§ Exercise prompt
Could you print exactly the lines of the listing below, starting at the line that has "宽松直筒牛仔裤女网红小雏菊高腰阔腿裤2020夏季新款拖地裤潮" and ending at the line that has "For iPhone X", and only those lines?

§ Supplied information
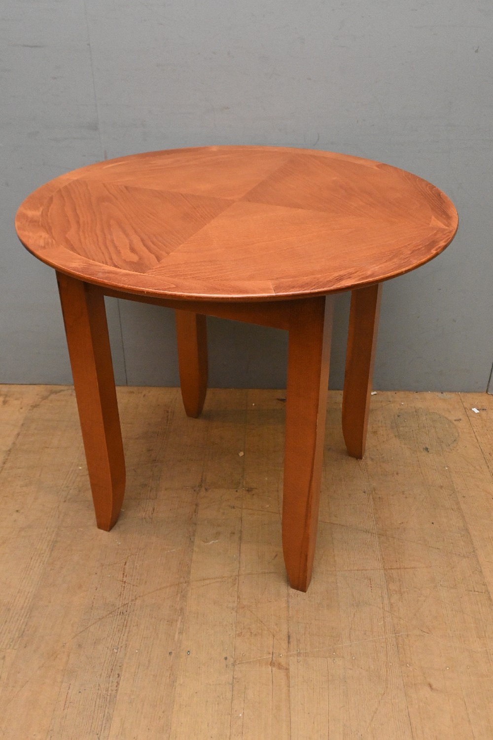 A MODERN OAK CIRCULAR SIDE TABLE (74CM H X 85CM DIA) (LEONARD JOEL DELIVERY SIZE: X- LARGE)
--
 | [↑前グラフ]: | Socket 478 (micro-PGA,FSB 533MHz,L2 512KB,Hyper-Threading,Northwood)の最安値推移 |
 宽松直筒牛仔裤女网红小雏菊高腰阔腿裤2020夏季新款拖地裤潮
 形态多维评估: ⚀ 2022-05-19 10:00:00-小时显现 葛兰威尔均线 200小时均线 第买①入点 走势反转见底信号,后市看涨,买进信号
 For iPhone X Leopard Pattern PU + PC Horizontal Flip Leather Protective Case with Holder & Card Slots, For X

§ Expected answer
 宽松直筒牛仔裤女网红小雏菊高腰阔腿裤2020夏季新款拖地裤潮
 形态多维评估: ⚀ 2022-05-19 10:00:00-小时显现 葛兰威尔均线 200小时均线 第买①入点 走势反转见底信号,后市看涨,买进信号
 For iPhone X Leopard Pattern PU + PC Horizontal Flip Leather Protective Case with Holder & Card Slots, For X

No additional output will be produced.